10	Building Blocks	RMSNorm, SwiGLU, residuals, pre-norm, QK-norm.
11	Building Qwen from Scratch	Glue everything into a real, working LLM with weights you can load.
12	Quantization	INT8/INT4/FP8/NVFP4, GPTQ, AWQ, GGUF, BitNet, QLoRA.
13	Mixture of Experts	Sparse models, routing, DeepSeek-V3-style fine-grained MoE.
14	Training Small Language Models	Full pretraining + SFT + DPO/GRPO pipeline with Muon and FSDP2.
15	Reading Training Logs	W&B charts, what each metric means, debugging loss curves.
16	Frontier Models in 2026	Gemma 4 (E2B/E4B/26B-A4B/31B Dense) and Qwen 3.6 (27B Dense / 35B-A3B MoE).
17	Production Inference	Serving 10,000 requests: vLLM/SGLang, FP8, prefix cache, HBM bandwidth, token caching, pricing per archetype.
18	AI Apps & Agents	The harness above the model: 12 usage patterns, MCP, real-world apps (Cursor, Claude Code, Cline), provider pricing, 300-line agent.
19	Evaluation	Capability benchmarks, LLM-as-judge, golden sets, agent evals (SWE-bench, OSWorld, GAIA), eval-driven development.

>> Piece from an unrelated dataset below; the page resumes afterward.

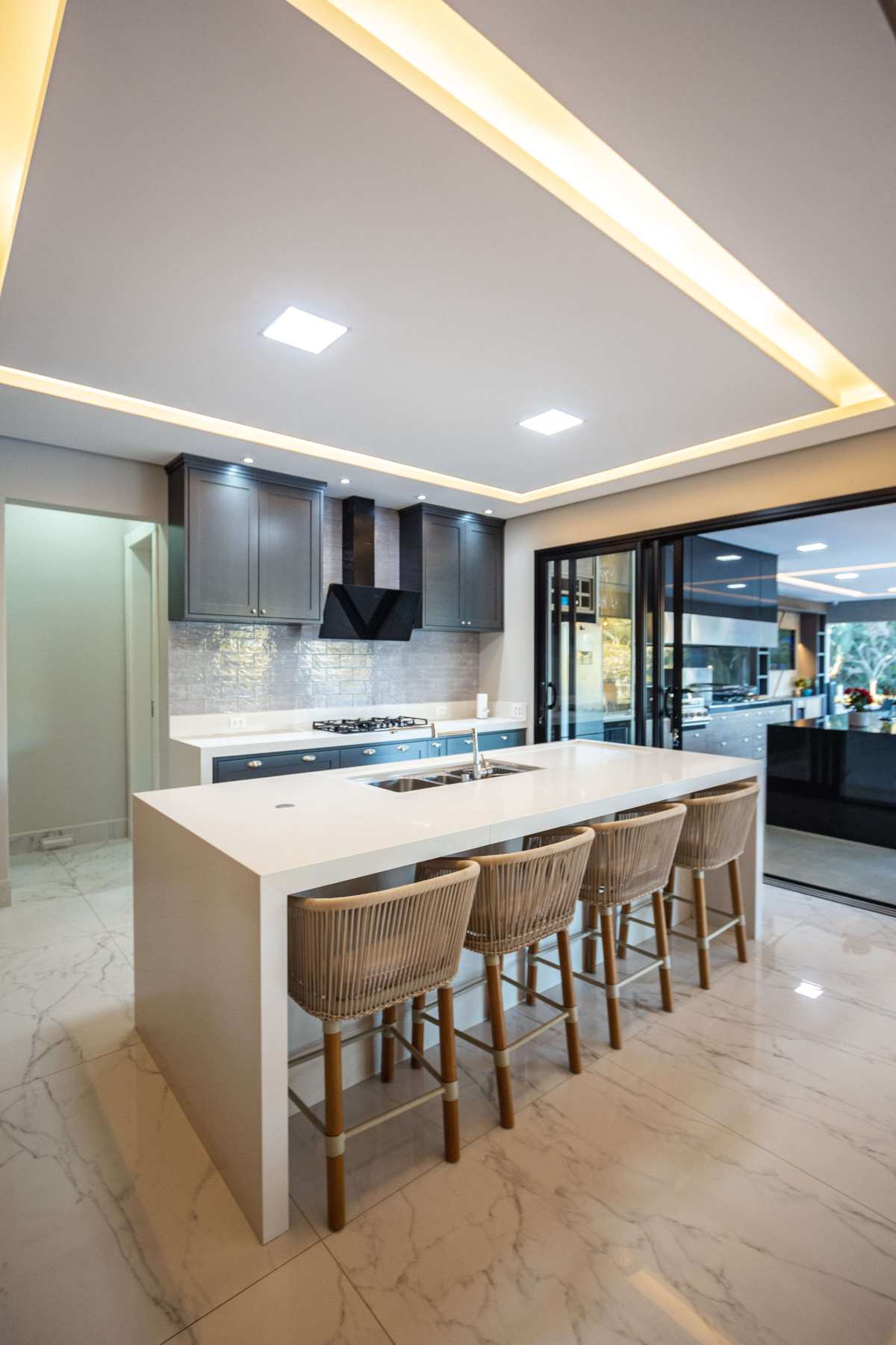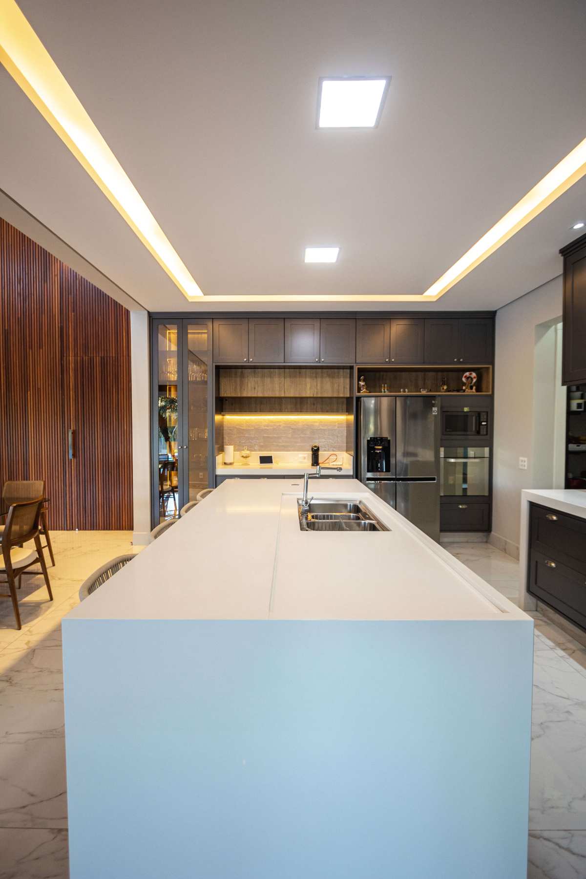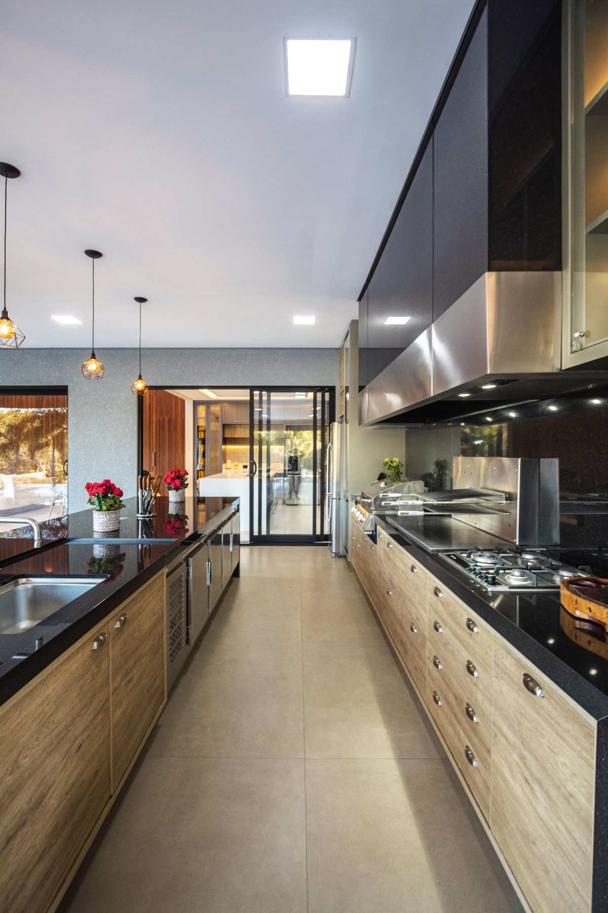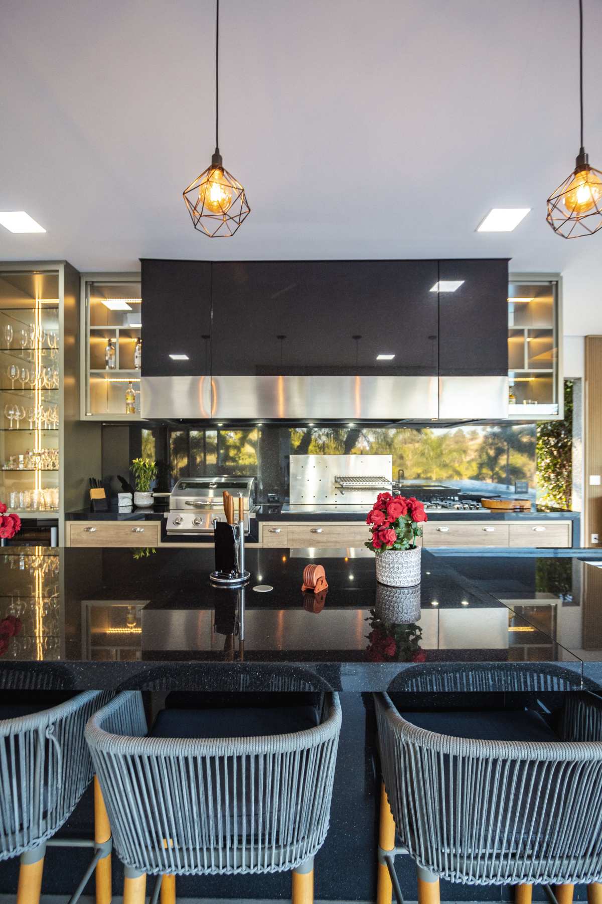 - Área gourmet com balcão refrigerado, bar, chopeira e churaqueira carvão e a gás;

20	Fine-tuning Recipes	Decision tree, LoRA/QLoRA/DoRA, SFT/DPO/GRPO recipes, end-to-end Qwen 3 fine-tune in 150 lines.
21	Embeddings & RAG	Embedding models, vector DBs, hybrid search, reranking, chunking, agentic RAG, complete RAG in 80 lines.
22	Multimodal Models	VLM architectures, SigLIP-2, native multi-resolution, audio (Whisper, Realtime), QLoRA for VLMs, hallucination evals.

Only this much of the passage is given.